The question of, say, mate selection sure appears random, because there is a huge range of possible outcomes if we select two people "randomly" out of the entire population of the earth (so, lets say 3 billion males combined with 3 billion females, just for an examples sake yields something like 4.4999999985E+18 possible combinations). Yet, of course, there is only a far, far smaller actual set of real combinations that could even really happen, because events don't just happen, they are caused by something. So, someone in, say, having never left rural Africa has almost essentially zero (or functionally zero) chance to mate with someone in, say, the dense jungle of South America because they will never, ever, even possibly interact, unless they specially left the area, which would then change the entire scope of the calculation and in doing so, prove that there is some element of determinism based on causes having effects.

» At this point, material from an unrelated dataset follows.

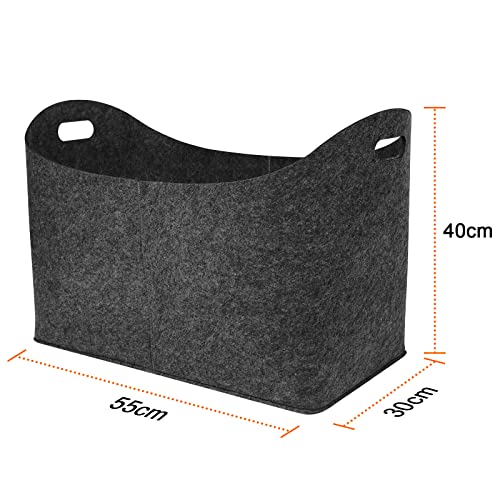 TRMLBE Cesto per Legna da Ardere pieghevole con manici per il trasporto Borse in feltro Shopper Borsa per legna da ardere giornali Borsa per la spesa 55 x 30 x 40 cm - 2 pezzi antracite
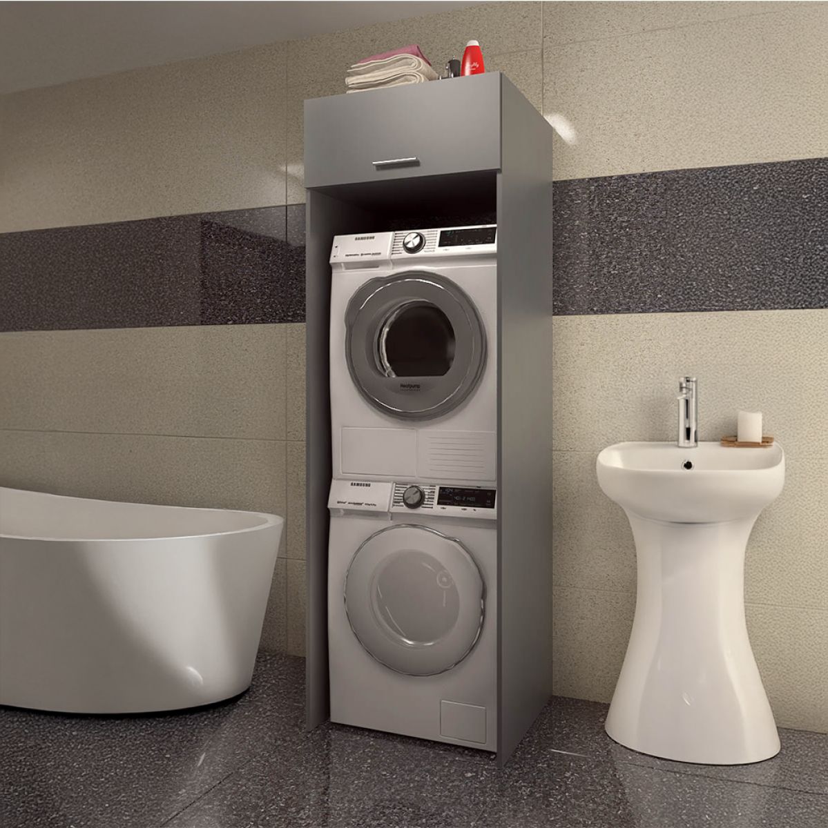 Material: DTD laminat Culoare: grafit Dimensiuni (Lxlxh): 67,5x67x210 cm Spaţiu pentru maşină de spălat şi uscător (Lxlxh): 64x65x180 cm Grosime material: 1.6 cm Spaţiu de depozitare deschis Dulăpior batant Portanţă dulăpior: 5 kg Cu mâner Potrivit pentru maşină de spălat şi uscător Aduce organizare şi organizare la baie şi spălătorie Recomandăm fixarea de perete Produs slovac de calitate Livrat dezasamblat

You could only possibly mate with someone you actually encounter. The people you encounter are not random, they are wherever they are for some reason or other. And you interact with them for some reason or other. You decide to mate with them for some reason or other. I really don't understand how this is random, even if it is vastly complicated and incredibly hard to predict. We simulate it with something that approaches randomness, because that is the best we can do, but that doesn't make it actually random.
Same with a computer generating "random numbers." Even something like "GetTickCount" yields something that appears random, but really isn't. So, there are very expensive "random number tables" one could buy, that use vastly complicated data sets (like captured cosmic radiation) but even those are determined by something, and are not truly "random."